Abstract
This paper explores an inner-knuckle-print (IKP) biometric recognition, based on mobile phone. Since IKP characteristics are captured by using mobile phone camera, the greatest challenge is that IKP images from the same hand have different illumination, posture, and background. In order to construct autonomous and robust recognition, we present a range of techniques as follows. Firstly, the hand region is preprocessed by using mean shift (MS) and K-means clustering. Secondly, the region of interest (ROI) of IKP is segmented and normalized. Thirdly, the IKP feature is extracted by using 2D Gabor filter with proper orientation and frequency. Finally, histogram of orientation gradient (HOG) algorithm is applied for matching. According to the experimental results, the proposed method is capable of achieving considerable recognition accuracy.
1. Introduction
Recently, biometric recognition based on mobile device has drawn significant attention from both academia and business. Mobile devices (smart phone, etc.) have been widely used in daily life, such as shopping, payment, and social networking. However, rapid growth in the deployment of mobile application brings not only promising opportunities, but also security challenges. People often worry about exposure of sensitive and private information stored in their mobile phones. Although PIN (personal identification number) is commonly used, it is usually under the risk of cryptanalysis or being forgotten. Biometric recognition is the key to mobile security, but it is limited by mobile computing and sensors.

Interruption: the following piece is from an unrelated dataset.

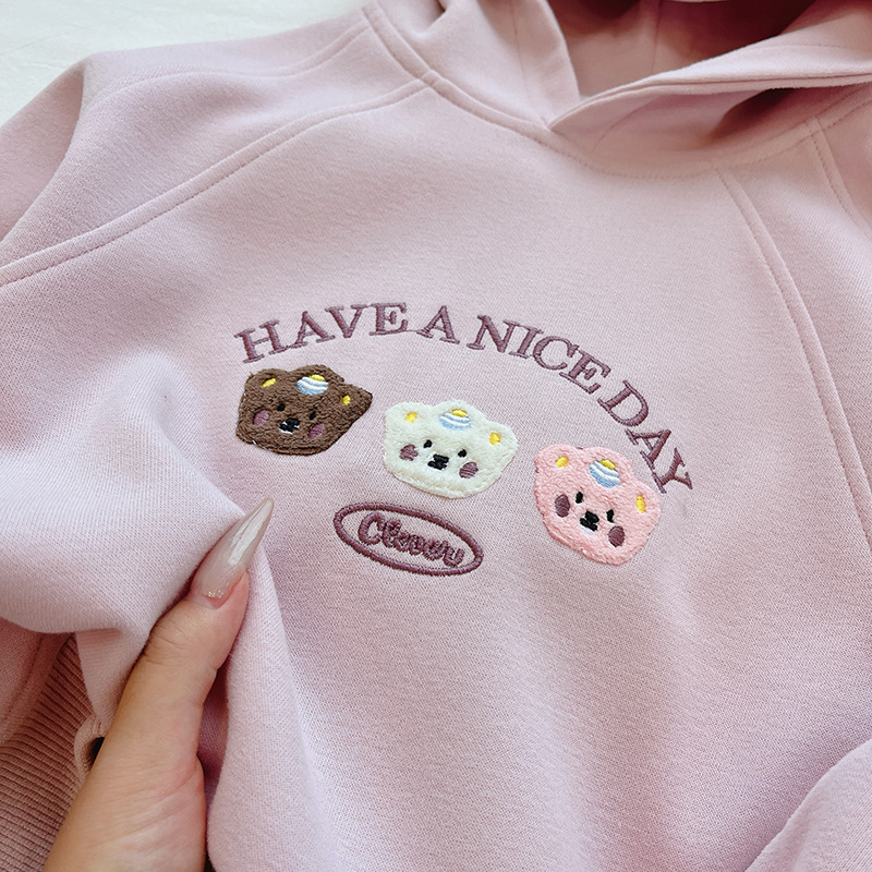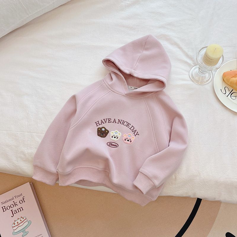 소녀 가을 새로운 후드 스웨트 셔츠 패션 보라색 외부 착용베이스 2024 긴 소매 만화 여성의 보물 스웨트 셔츠 아기

In this paper, we proposed a robust IKP-based biometric recognition by using mobile phone camera. Our goal is to survive under a mobile acquisition environment which is usually out of control on illumination, hand position, and background. First, for accurately extracting the hand region from complex background and illumination, we develop a hand detector which integrates the mean shift (MS) and K-means clustering methods. Moreover, for segmenting the fingers, we formulate the new equations based on the prior knowledge of the normal hand geometry. In addition, to locate the region of interest (ROI) of IKP accurately, we apply the radon projection which is very sensitive to the image feature with the line patterns in Figure 1. More importantly, to extract the stable and unique feature of IKP under different illumination conditions, we employ the Gabor filter which has been proved to be robust to illumination and further improve it by tuning an optimal single scale and orientation since the lines in IKP usually contain similar scales and directions. Lastly, to achieve the deformation tolerance during the matching the IKP feature, we apply the histogram of orientation gradient (HOG) algorithm which has been proved to be tolerant to local deformation for human detection.

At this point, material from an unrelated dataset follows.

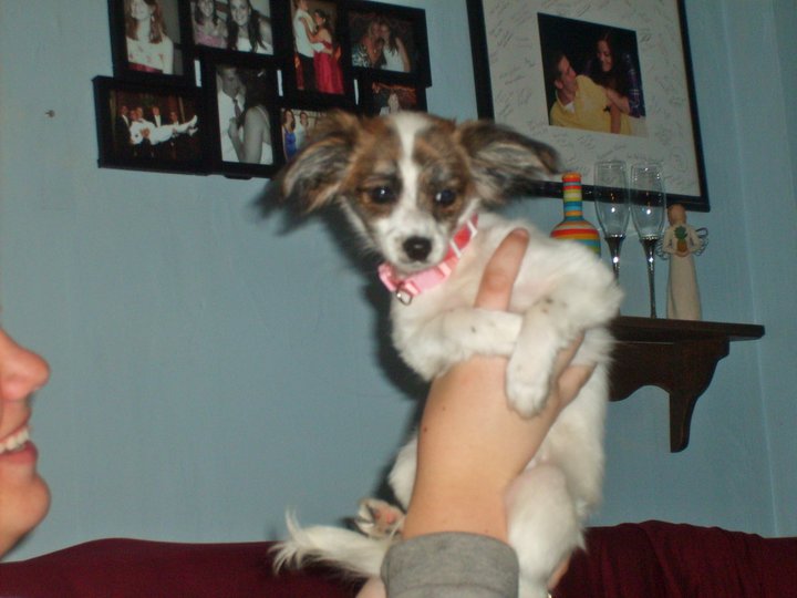 Indy is incredibly smart! She knows sit, down, she can hide her face, and crawl. She's been working on roll over and paw :) She will only be about 6-10lbs full grown.

The inner-knuckle-print (IKP) image.
Experiments show that our method achieves 96.8% of BIR and 8.9% of EER in single ROI matching. Furthermore, the accuracy of our method is improved by integrated 8-ROI matching, which achieves 98.2% of BIR and 6.5% of EER. The experimental results demonstrate that our method can be robust to the variation of backgrounds and illuminations, as well as tolerant to the local deformations due to the change of hand position.
The rest of this paper is organized as follows: Section 2 describes the related works, and Section 3 presents details of proposed processing method. Section 4 reports the experimental results, and the conclusion is drawn in Section 5.
2. Related Works
The best-known case of mobile recognition is “Touch ID” technique, which uses fingerprint as a pass code, with just a touch on the Home button of iPhone 5s [1]. Fingerprint recognition has been applied successfully for many years. However, it needs special sensor IC equipped in mobile device. Meanwhile, moisture or finger scars can obviously distort the fingerprint pattern [2]. Besides fingerprint, the potential mobile biometric recognition includes iris and vein. Iris-capturing recognition needs ultrahigh resolution camera [3], which is too expensive for mobile device. Furthermore, certain factors can degrade the performance of iris recognition, such as eyelashes [4], glass reflections [5], and eyelids [6]. Methods using vein patterns of palm or finger have drawn a heated discussion [7]. But vein patterns are acquired using near-infrared (NIR) camera, which is expensive and unusual on mobile device. Furthermore, NIR camera cannot work in the sunshine because solar source is a strong near-infrared light source and seriously interferes with the vein recognition.
Face recognition is comparatively convenient in terms of usability, since faces have lager dimensional characteristics [8, 9] and can be acquired using common camera on mobile device [10]. However, several factors can degrade the recognition accuracy of common face recognition system, such as facial expressions [11], illuminative variations [12], and interferences from wearing masks or glasses [13].
Compared with the above biometric method, inner-knuckle-print (IKP) is quite attractive for mobile biometric recognition, as shown in Figure 1. Firstly, it has rich texture information on a small region of finger, which can be acquired using common mobile camera. Secondly, the IKP information is quite unique in individuals since birth. Thirdly, the IKP texture distributed on a smooth surface has less distortion under illumination and posture variation.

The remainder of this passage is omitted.